FixedEffects / FixedEffectModels.jl

Fast Estimation of Linear Models with IV and High Dimensional Categorical Variables
Other
225 stars 46 forks source link

Add predict for FixedEffectModel #171

Closed nilshg closed 3 years ago

nilshg commented 3 years ago

Here's a first stab at an implementation for predict for FixedEffectModels. Essentially this leftjoins the fixed effects onto the relevant columns of the data passed to predict, and then sums them to create a vector that is added to the "regular" prediction obtained by multiplying the non-FE columns with their respective coefficients.

I have checked that this works on the original data, as well as a new data set with the same levels. It also provides comparable predictions to a predict call on the model estimated without marking the categorical variables out as fe()s. When a new data set with missing observations is passed the code errors, which appears consistent with what currently happens for predict with a non-FE model.

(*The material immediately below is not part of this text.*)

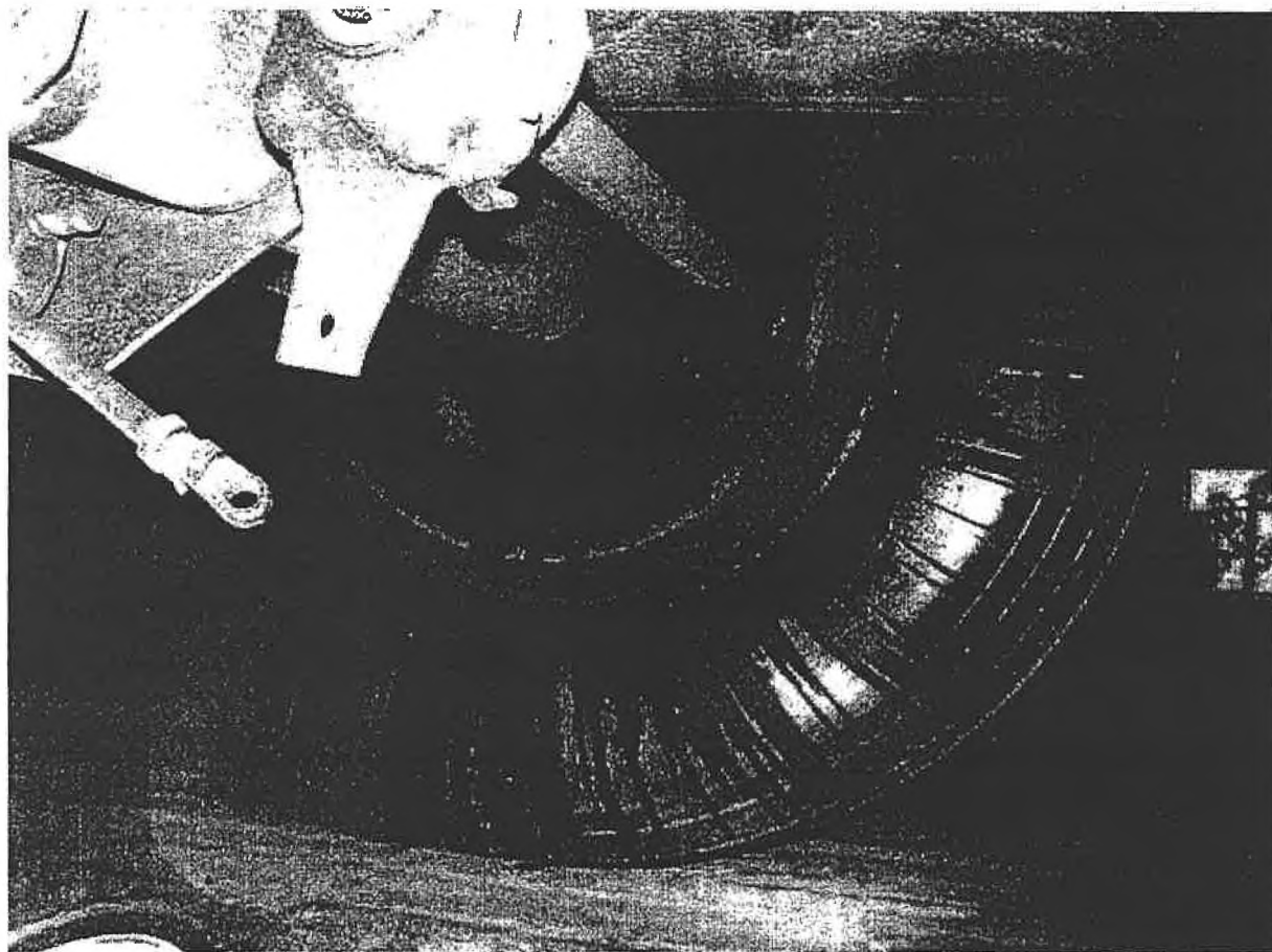
A drive axle that has a blown oil seal and the driver disconnected the push-rod from the slack adjuster so the brake would not operate or catch on fire.

One difference in behaviour is for the case of new levels in the fixed effects - in the case of a non-FE model, predict currently errors, while with this PR, for a model that has_fe, predictions are returned, with missing in rows where a new level is encountered in a fixed effect which was not included in the original data (this is an artefact of leftjoin producing missing in that case).

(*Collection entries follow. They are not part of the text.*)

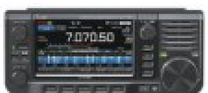
IC-705 HF/50/144/430 MHz All Mode Transceiver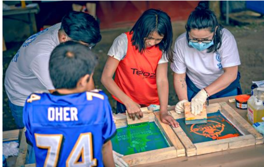
Peaceful coexistence fair in Villa Nueva.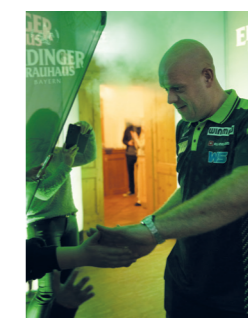
Dutch megastar Michael van Gerwen – pictured here making his typical walk-on – took plenty of time for his fans in Erding.

Tickets available here: www.pdc-europe.tv/de/events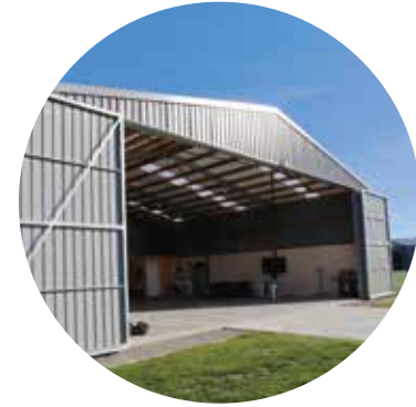
Hangars and umbrellas works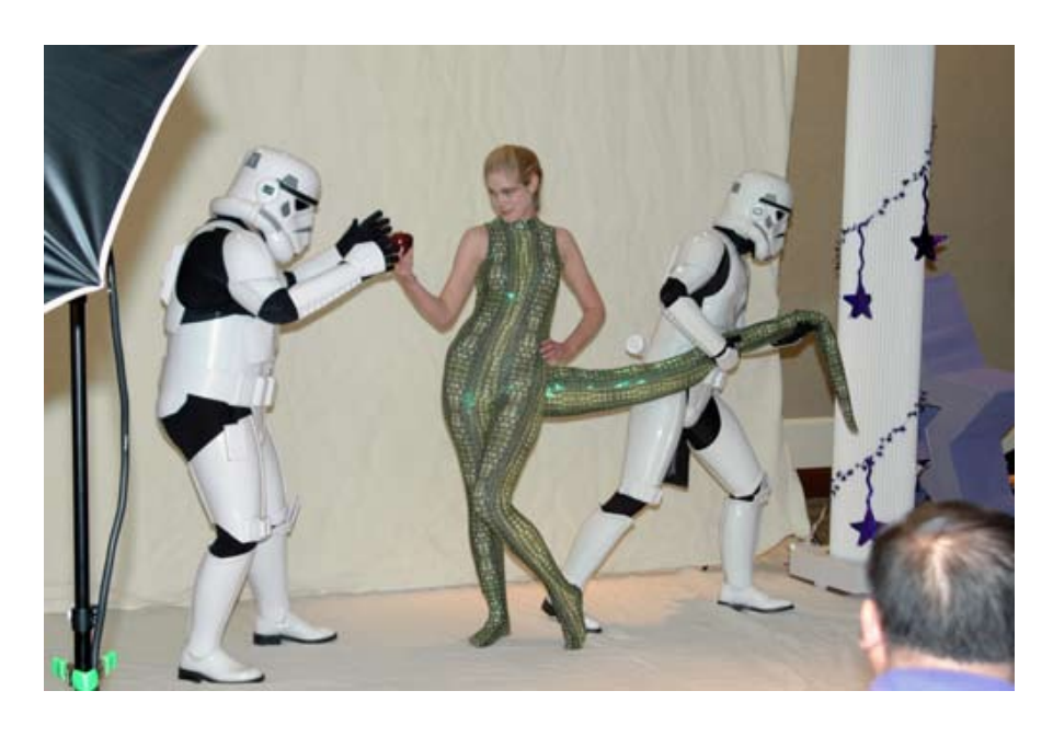
BayCon 2006 Masquerade: Snake Lady and Troopers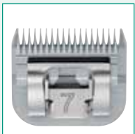
GT343 #7 1/8" | 3.2 mm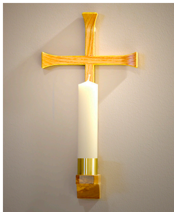
DEDICATION CANDLES & CROSSES

In the four corners of the Chapel are the four dedication candles and crosses. These candles recall the date of the dedication of the space and are lit on the anniversary of the dedication and the feasts of Mary.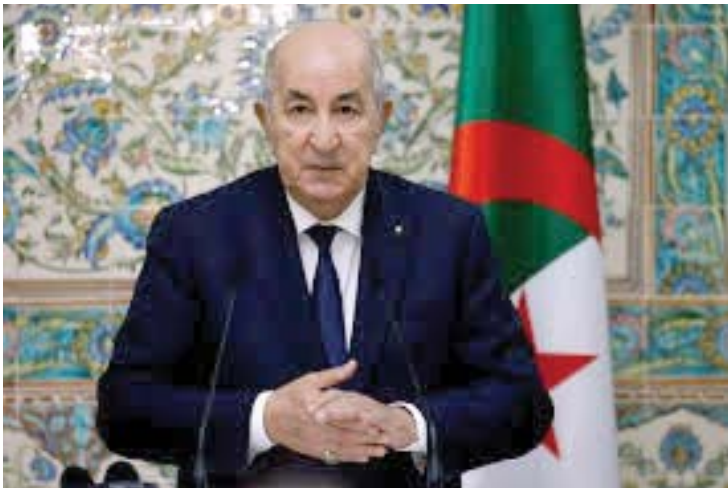
hood of Pakistan to face this calamity and ensure security, security and stability prevail in their country." "The President of the People's Demo-

ISLAMABAD: The President of the Democratic People's Republic of Algeria Mr. Abdul Majeed Taboun sent a message of condolences, sympathy to the President of the Islamic Republic of Pakistan Mr. Asif Ali Zardari, following the suicide bombing that occurred in the Khadija Grand Mosque in the Tarlay Kalan area of the capital Islamabad, while performing Friday prayer on February 6, 2026, which dozens after The dead and the wounded President Abdul Majeed Taboun asserted his Pakistani counterpart, "This despicable criminal act, which is at odds with our permissible Islamic values, will only increase the strength, stability and cohesion of the brother-

Happy to discuss whether this gives a reasonable user experience. Two things I haven't thought about here:

matthieugomez commented 3 years ago

Sorry, there was an issue merging. I'd be happy with adding something like this but you'd need to make sure you handle missings (missings in fes v.s. missing in other variables) + add tests

Also, I think it'd be better to do something like

df isa AbstractDataFrame || throw("...")
sum(Matrix(leftjoin(select(df, x.fekeys), unique(x.fe), on = x.fekeys, makeunique = true)), dims = 2)

(as well as avoiding creating a vector if there are no fixed effects)

nilshg commented 3 years ago

Happy to try and add some tests in the next days. Not sure I understand your point about missings - would you expect different behaviour for missing FEs vs other covariates? Naively I would have thought that the prediction is ŷ = f̂e + β̂₁x₁ + β̂₂x₂ + ... which gives missing if either the fixed effect is missing (i.e. the predict df has a level that wasn't present in the original df) or any of the xs is missing. Would you be looking for some other behaviour, e.g. setting the fe to 0 or grand mean or something?

matthieugomez commented 3 years ago

what you're saying is correct — just check that it gives missing if any of the covariate or fixed effect is missing.